When you copy the data that follows, reproduce every word exactly and leave out the images.

━━ Supplied material ━━

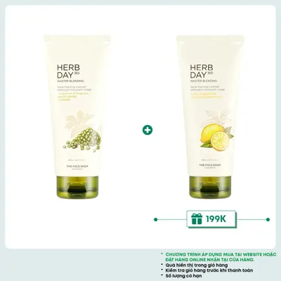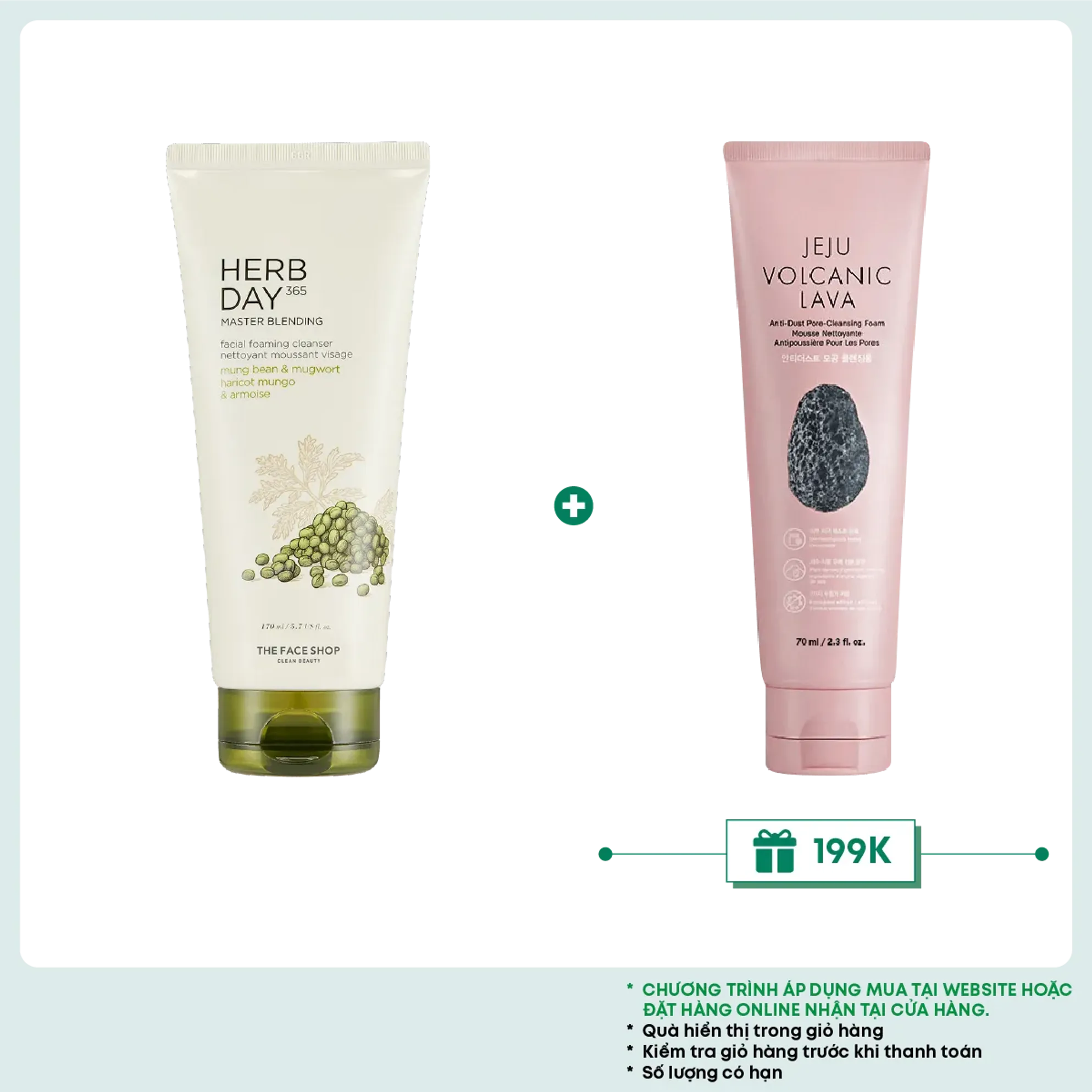 Sữa Rửa Mặt Tạo Bọt Dành Cho Da Dầu Mụn THE FACE SHOP Herb Day 365 Master Blending Facial Foaming Cleanser Mung Bean & Mugwort 170Ml
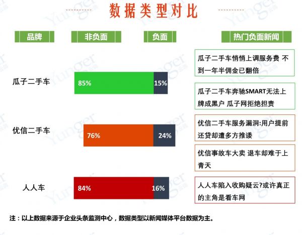 最后,在品牌声量对比中,整体领先的是瓜子二手车,人人车处于中游,优信二手车的声量最低。但是,在品牌正负面消息中,三个平台都存在一定的负面,其中优信二手车因为事故车、服务漏洞等问题,在监测期内以24%的负面处于劣势;瓜子二手车和人人车的负面情况相仿。
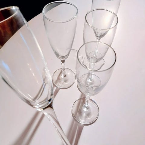Syv hvitvin/champagne glass, tre kopper, snapsglass og diverse andre glass gis vekk i en «pakke». Må hentes. Kun hele kassen, ikke enkelte av dem.

━━━

--- Answer to this task ---
 Sữa Rửa Mặt Tạo Bọt Dành Cho Da Dầu Mụn THE FACE SHOP Herb Day 365 Master Blending Facial Foaming Cleanser Mung Bean & Mugwort 170Ml
 最后,在品牌声量对比中,整体领先的是瓜子二手车,人人车处于中游,优信二手车的声量最低。但是,在品牌正负面消息中,三个平台都存在一定的负面,其中优信二手车因为事故车、服务漏洞等问题,在监测期内以24%的负面处于劣势;瓜子二手车和人人车的负面情况相仿。
Syv hvitvin/champagne glass, tre kopper, snapsglass og diverse andre glass gis vekk i en «pakke». Må hentes. Kun hele kassen, ikke enkelte av dem.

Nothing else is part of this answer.